_RECORD SET_
---

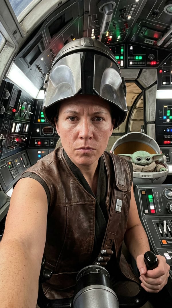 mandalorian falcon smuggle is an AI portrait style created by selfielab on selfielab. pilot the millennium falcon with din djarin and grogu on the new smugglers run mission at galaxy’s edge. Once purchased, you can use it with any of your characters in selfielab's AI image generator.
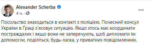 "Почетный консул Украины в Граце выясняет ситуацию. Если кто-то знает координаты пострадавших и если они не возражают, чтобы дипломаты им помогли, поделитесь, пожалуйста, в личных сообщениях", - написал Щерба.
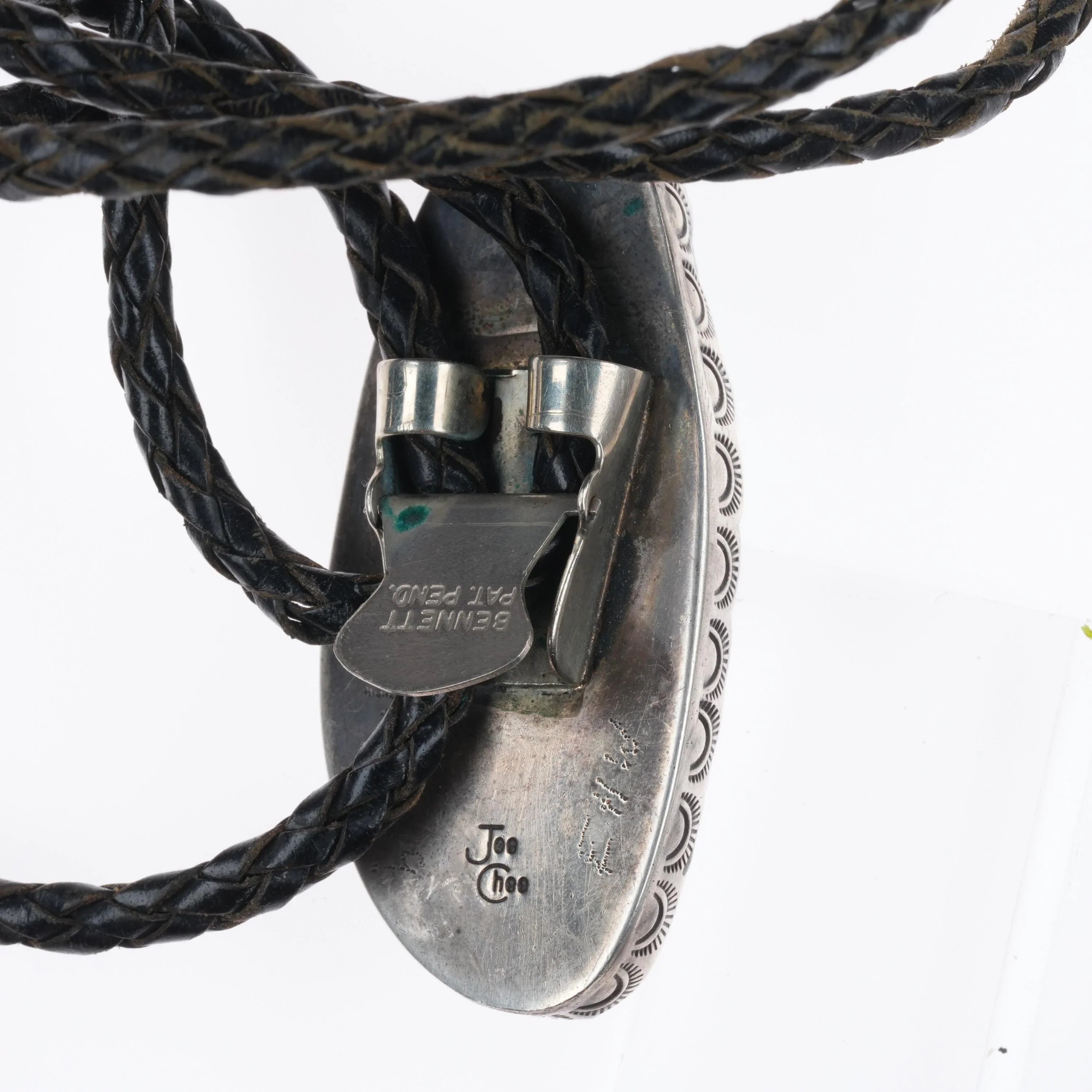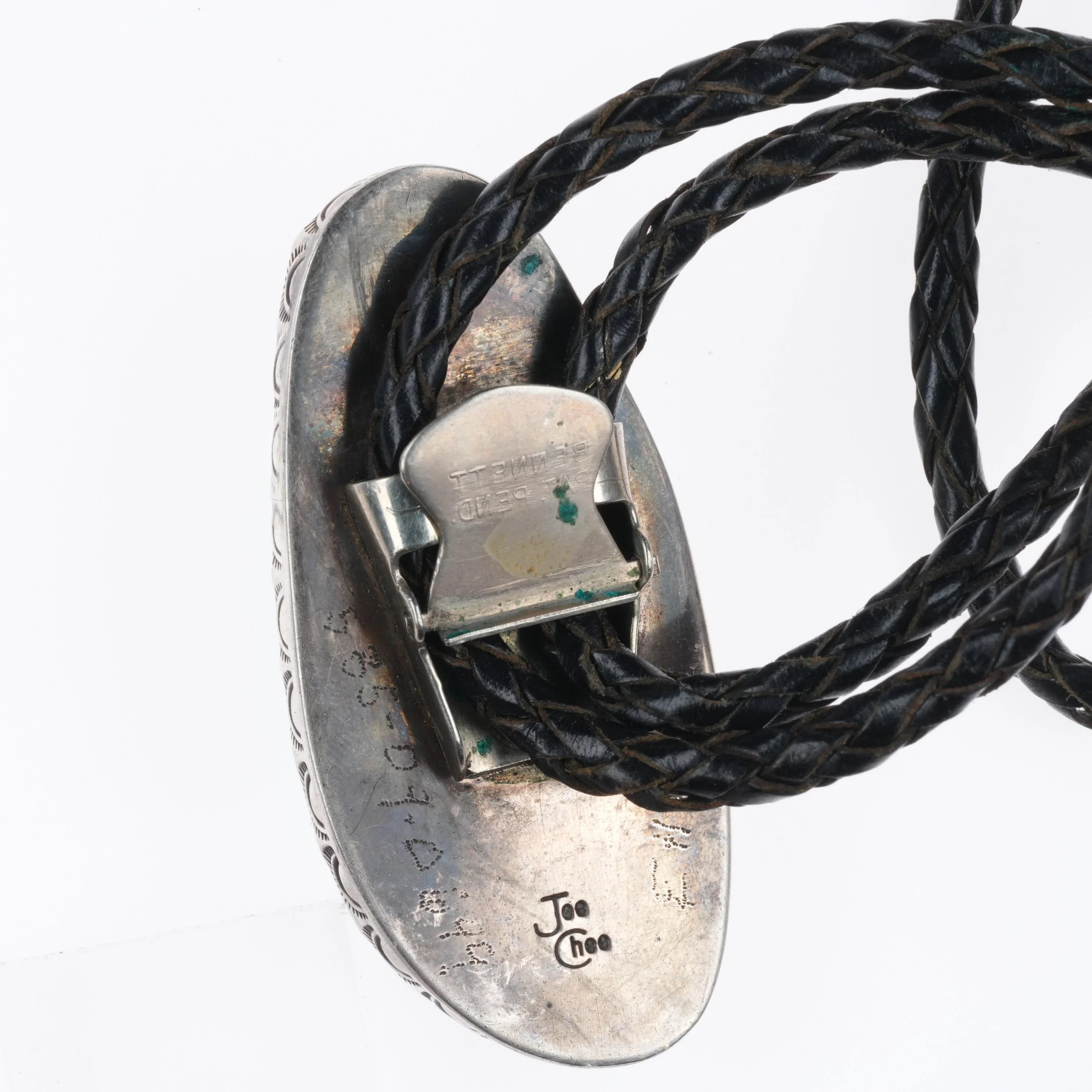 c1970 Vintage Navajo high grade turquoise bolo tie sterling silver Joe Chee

---

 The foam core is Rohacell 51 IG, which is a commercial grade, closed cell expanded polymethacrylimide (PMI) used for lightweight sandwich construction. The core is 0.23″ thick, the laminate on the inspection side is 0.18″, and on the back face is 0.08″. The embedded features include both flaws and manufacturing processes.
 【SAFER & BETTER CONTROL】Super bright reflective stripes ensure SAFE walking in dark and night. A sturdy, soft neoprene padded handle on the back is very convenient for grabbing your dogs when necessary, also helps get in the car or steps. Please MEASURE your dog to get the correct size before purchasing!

---

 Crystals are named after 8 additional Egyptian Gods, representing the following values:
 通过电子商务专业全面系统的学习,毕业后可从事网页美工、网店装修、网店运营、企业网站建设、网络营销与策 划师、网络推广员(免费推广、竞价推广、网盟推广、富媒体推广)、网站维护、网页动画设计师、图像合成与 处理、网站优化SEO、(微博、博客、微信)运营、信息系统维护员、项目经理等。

---

_BRIEF_
For each line of the material that includes the word "back", make a copy.

_ANSWER SECTION_
 The foam core is Rohacell 51 IG, which is a commercial grade, closed cell expanded polymethacrylimide (PMI) used for lightweight sandwich construction. The core is 0.23″ thick, the laminate on the inspection side is 0.18″, and on the back face is 0.08″. The embedded features include both flaws and manufacturing processes.
 【SAFER & BETTER CONTROL】Super bright reflective stripes ensure SAFE walking in dark and night. A sturdy, soft neoprene padded handle on the back is very convenient for grabbing your dogs when necessary, also helps get in the car or steps. Please MEASURE your dog to get the correct size before purchasing!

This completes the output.